The Court press release stated, “European Harmonised Technical Standards must be freely available without charge because of their particular legal nature as acts that form part of EU law,” and “a Commission decision refusing access to the requested harmonised technical standards…should be annulled.”
This is a milestone development that was long coming and a major victory for European consumers, SMEs and the ICT industry. It is also consonant with a 2019 decision of the U.S. Supreme Court on similar issues. Not only does this landmark opinion remove the paywalls, but it should also significantly improve the transparency and openness of standards-making processes and enable competitiveness among standards bodies—resulting in better quality, market/industry-driven standards.
The leader driving this paradigm change is Carl Malamud—who approached the ITU Secretary-General in 1991 to undertake the Bruno Project to make all the ITU’s standards freely available online in three weeks which was readily accomplished. The initiative became the subject of a book and innumerable similar endeavours. Fifteen years later, the nations of the world constituting ITU Members directed that its standards be made freely available officially—which set the norm for intergovernmental standards organisations.
Several weeks ago, in May, the European Parliament published a resolution on a EU standardisation strategy. The strategy seeks to bolster the safety of its citizens and encourage common standards that engage a greater diversity of participants and further “Europe’s technological sovereignty, ability to reduce dependencies and protection of EU values [that] will rely on [its] ability to be a global standard-setter” per its Commissioner for the Internal Market.
The EU standardisation strategy and objectives are critically dependent not only on making standards freely available, but also on observing its own policies on competition, openness, and transparency.
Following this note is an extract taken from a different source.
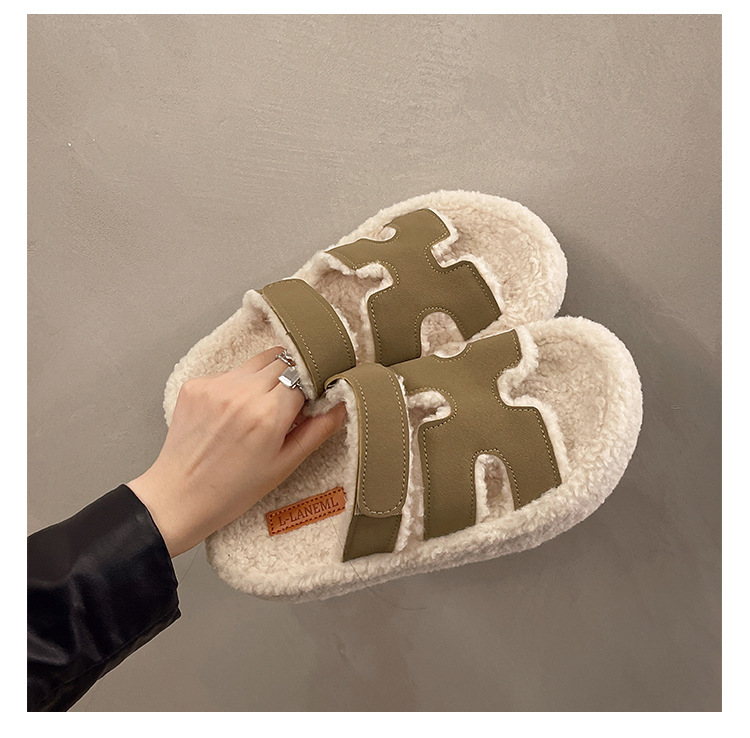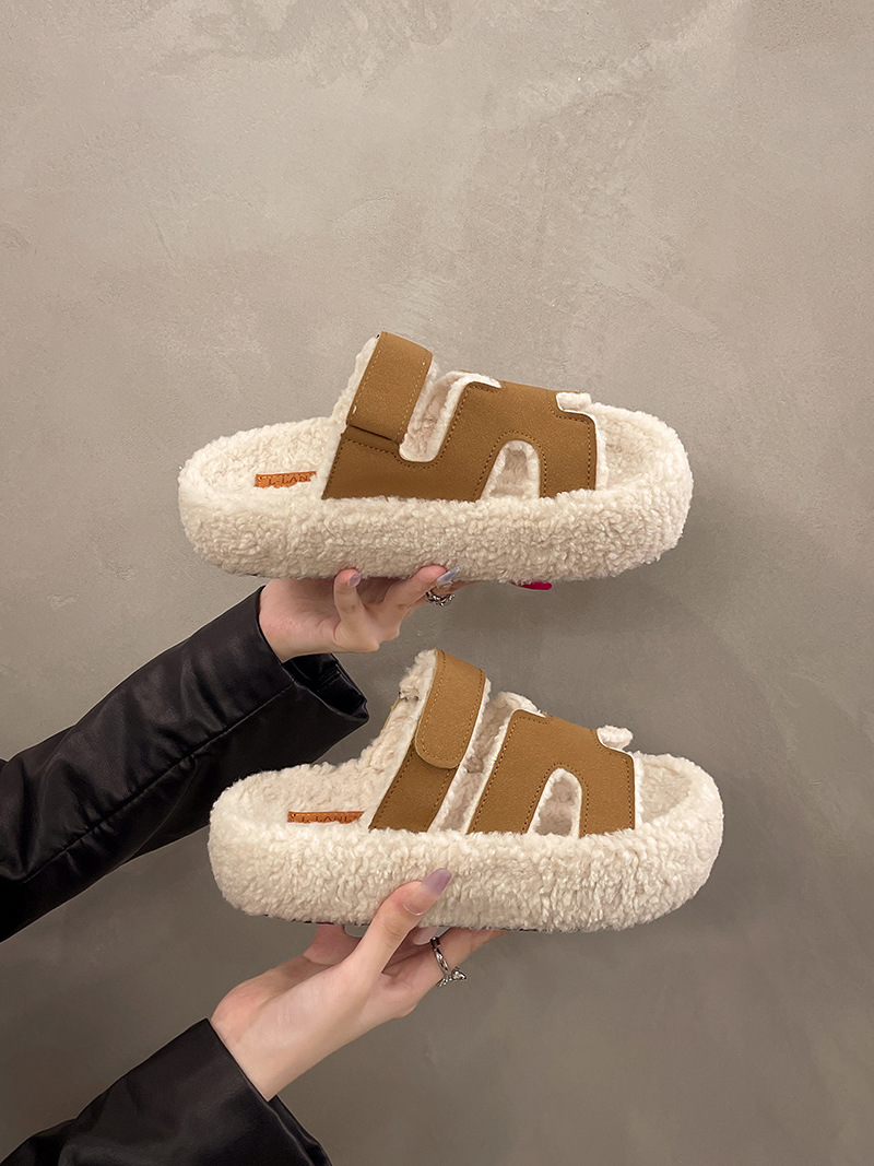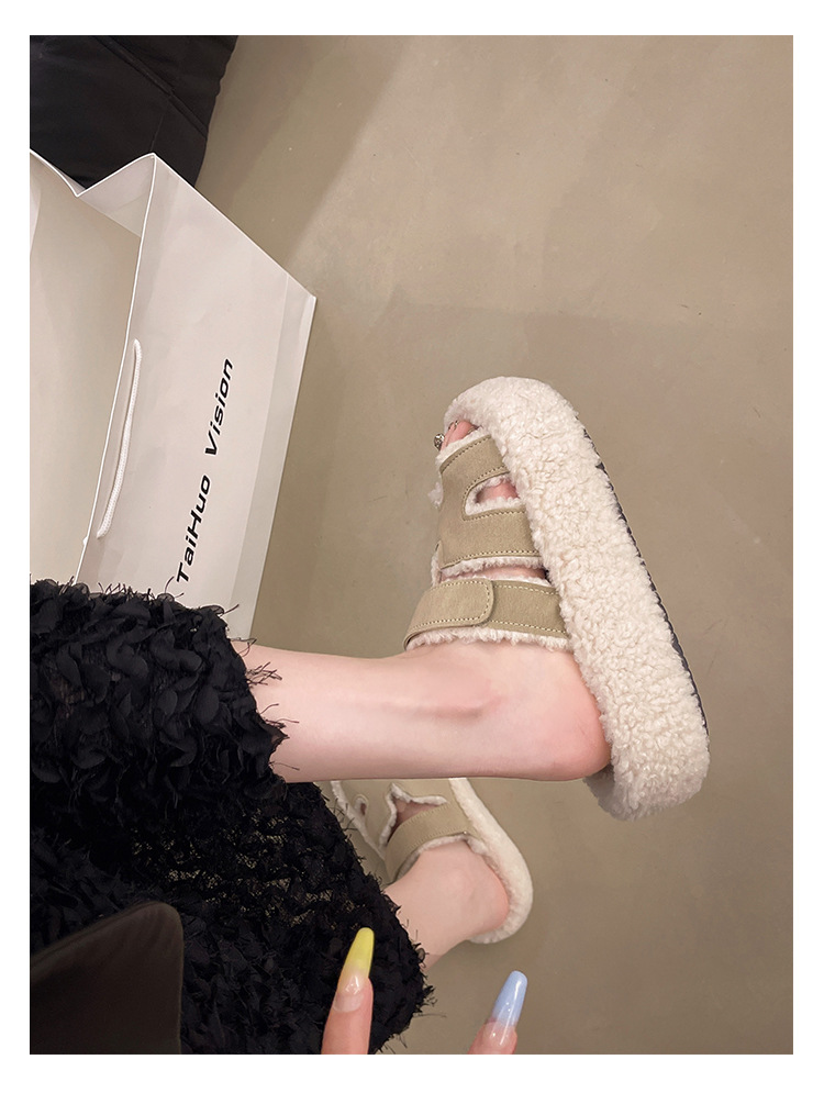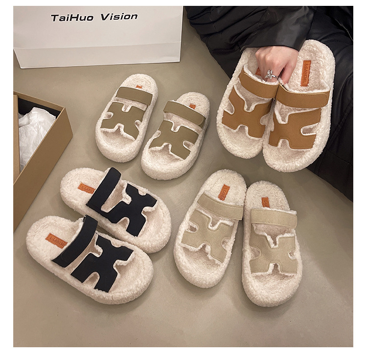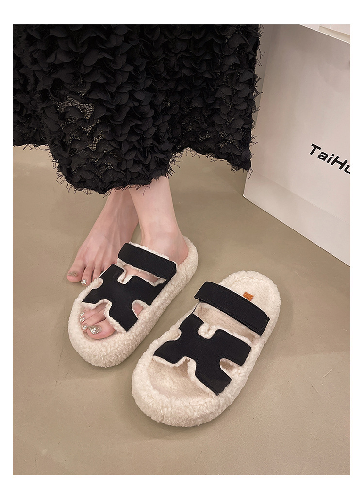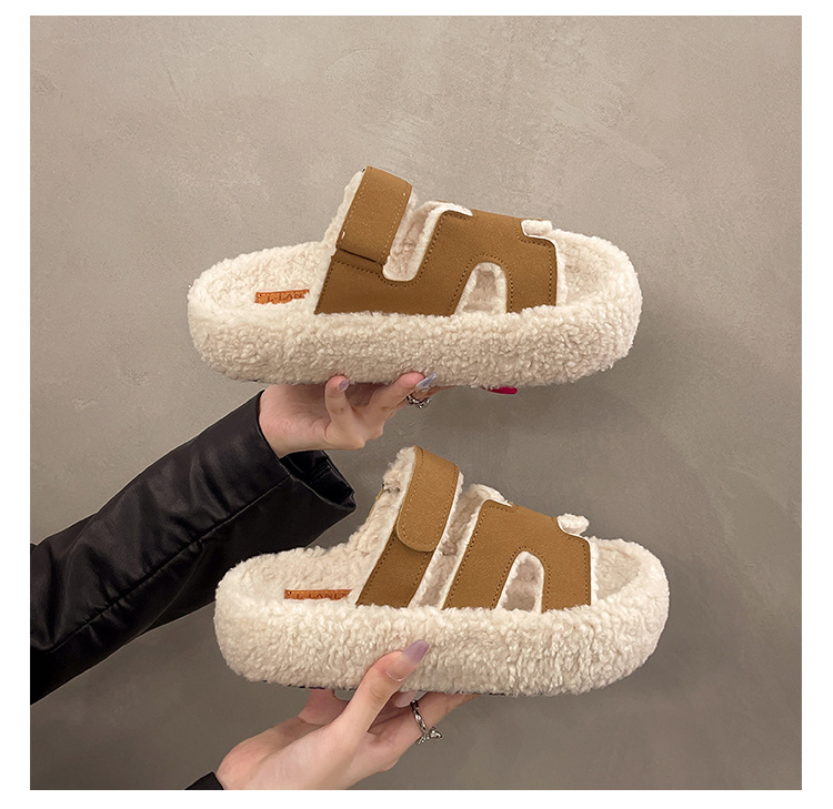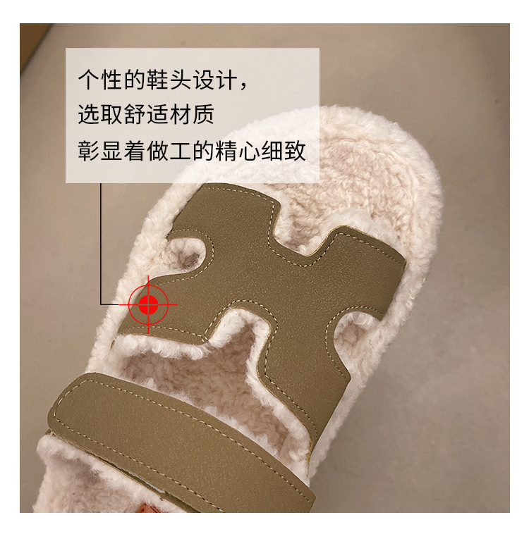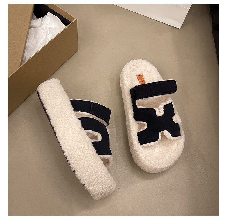 厚底毛毛鞋女2024年新款皮毛一体拼色外穿魔术贴拖鞋一脚蹬懒人鞋

Over the decades in the ICT industry and marketplace, it is abundantly clear that freely available standards combined with robust competition among all the diverse standards bodies in the ecosystem—including consortiums—have brought about enormous evolution and growth in the state-of-the-art and marketplaces worldwide.
Unfortunately, almost all of the rapidly expanding ensemble of new EU legislation relating to cybersecurity, infrastructure protection, supply chain management, and artificial intelligence are giving rise to highly insular EU standards activities that are anything but open and transparent—with enormous paywalls. As Advocate General Medina notes, the rights of EU citizens are being impaired, and their funded public intellectual property taken to protect the revenue streams of a handful of standards bodies via EU monopoly grants. That is decidedly not a winning standardisation strategy—in addition to being unlawful under Europe’s own norms and values.
The EU and its Members now have the opportunity to rectify these matters by complying with AG Medina’s memorandum opinion on standards access and further enabling competitive industry, consumer, and market-driven standards activities and practices to ensue.